More often, however, the dialectic in regard to any continuum of biblical teaching is diffused over large tracts of Holy Scripture. There are countless examples. We have it between the triple personality and unity of God, between justification by imputed righteousness in some places and judgment according to our works in others, between texts that teach the security of the elect and texts that warn against the genuine danger of apostasy, between sola fide and the necessity of obedience. The Scriptures teach us in one place that it is the fool who says in his heart that there is no God, and show us in other places the godly, under a silent heaven, beginning to wonder if God is there after all. We are encouraged to believe in one place that if we delight ourselves in the Lord he will give us the desire of our hearts, and told in other places that we must do without what we most long for. We are told here that the Lord Jesus is coming back quickly – that is the phrase that is used: "behold I am coming quickly" – and in another place of his having gone on a long journey and of his servants growing weary waiting for his return. We are told in one set of texts that there is no condemnation for the man who is in Christ Jesus and in another set that if and only if we Christians confess our sins and forsake them will God be faithful to forgive them. We are told that the Lord has made all things for his own ends, even the wicked for the day of disaster, but elsewhere a great point is made of the fact that the Lord does not desire the death of the wicked but that all men come to repentance and the knowledge of the truth. We are being troubled today by the so-called "openness of God" movement and there are texts, which read by themselves, give comfort to the idea of a changing God, a God who learns; but set besides those texts in the biblical dialectic are a great many texts that speak of God’s absolute dominion, his infinite knowledge, and his impassibility in the old, strong, biblical sense that God does not depend upon us for anything.

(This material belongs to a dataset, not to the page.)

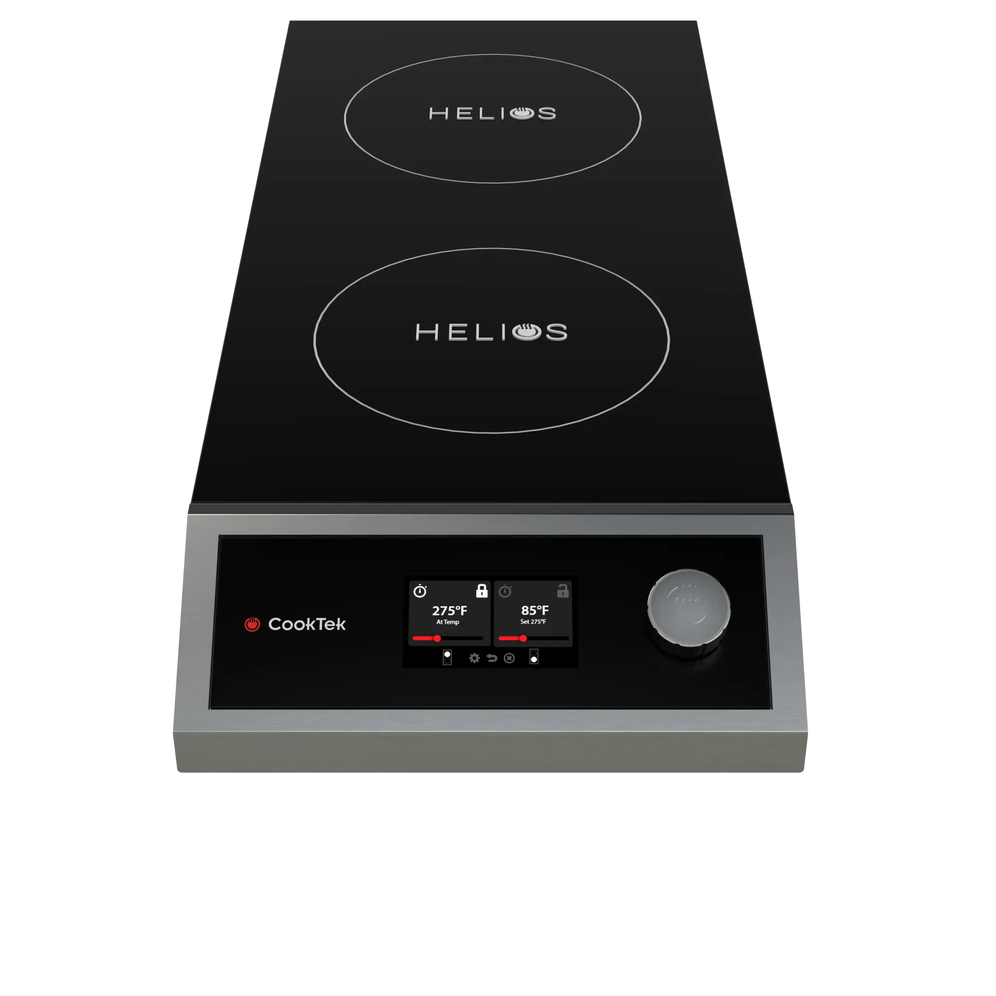 CookTek’s 2500 watt double hob countertop induction cooktop with HELIOS controls offer an efficient, powerful, and user-friendly solution for both commercial and home kitchens, making them a popular choice for chefs and food enthusiasts alike.Even Heating: Induction technology ensures even and consistent heating across the entire pan surface. This results in precise temperature control, which is crucial for achieving perfect dishes.Energy Efficiency: These cooktops are 170% more efficient than gas burners. This means they waste less energy and are more environmentally friendly, making them a sustainable choice for cooking.Precise Temperature Control: The HELIOS controls offer precise power control, allowing chefs to fine-tune the heat for different cooking techniques and recipes. This level of control is challenging to achieve with traditional gas burners.Powerful Performance: Induction cooktops heat up rapidly, significantly reducing cooking time. With three times the power of a gas burner, these cooktops can handle high-heat cooking, such assautéing, searing, and boiling, with ease. The increased power allows for faster cooking and better results.Adaptability: Portable countertop induction cooktops are versatile and can be placed in various locations within a kitchen, while drop-in cooktops seamlessly integrate into kitchen counters. You can configure the hobs side to side or front to back. This adaptability makes them suitable for different kitchen setups and configurations.Easy-to-Clean Surfaces: The cooktop’s flat surface is easy to clean, reducing the time and effort required for post-cooking cleanup. This is particularly important in commercial kitchens, where quick turnover between dishes is essential.Safety Features: Induction technology has no open flames. This is a fundamental safety benefit, as it eliminates the risk of gas leaks, flare-ups, or accidental fires associated with traditional gas burners. Induction cooktops generate heat through electromagnetic fields, which only heat the cookware placed on the surface. The cooktop itself remains cool to the touch, minimizing the risk of burns or accidental contact with hot surfaces.These safety features make induction cooktops a safer choice for both professional chefs and home cooks, reducing the likelihood of kitchen accidents and making them a preferred option in many kitchens.

We also find the dialectic in the Bible’s ethical instruction. We have texts that state the equality of men and women in the kingdom of grace in the most absolute terms and texts that are, God forgive us, now an embarrassment to the evangelical church for the emphasis they place on the distinction of genders. Or we have texts that, taken by themselves, would seem to rule out any use of jewelry or cosmetics, the styling of hair or any other means intended to enhance physical appearance, and other texts that celebrate these very same things. We have texts that decry any attention to outward form and beauty, especially of women, and, contrarily, texts, many texts, in which God himself calls attention to a woman’s physical attractiveness. We have texts that seem to suggest that whatever we ask for in prayer we shall certainly receive and texts that so condition God’s answering of our prayers that even faithful Christians have struggled to believe that they could ever put up an effective prayer. We have texts that tell us to turn the other cheek and to bless those who curse us and texts that tell us not to cast our pearls before swine. Never is the tension between these polarities resolved, no effort is made to locate a golden mean between them. The Bible virtually never discusses the dialectical tension created by its juxtaposition of truths. But Christians are living with the tension all the time. It exists in their minds and in their lives.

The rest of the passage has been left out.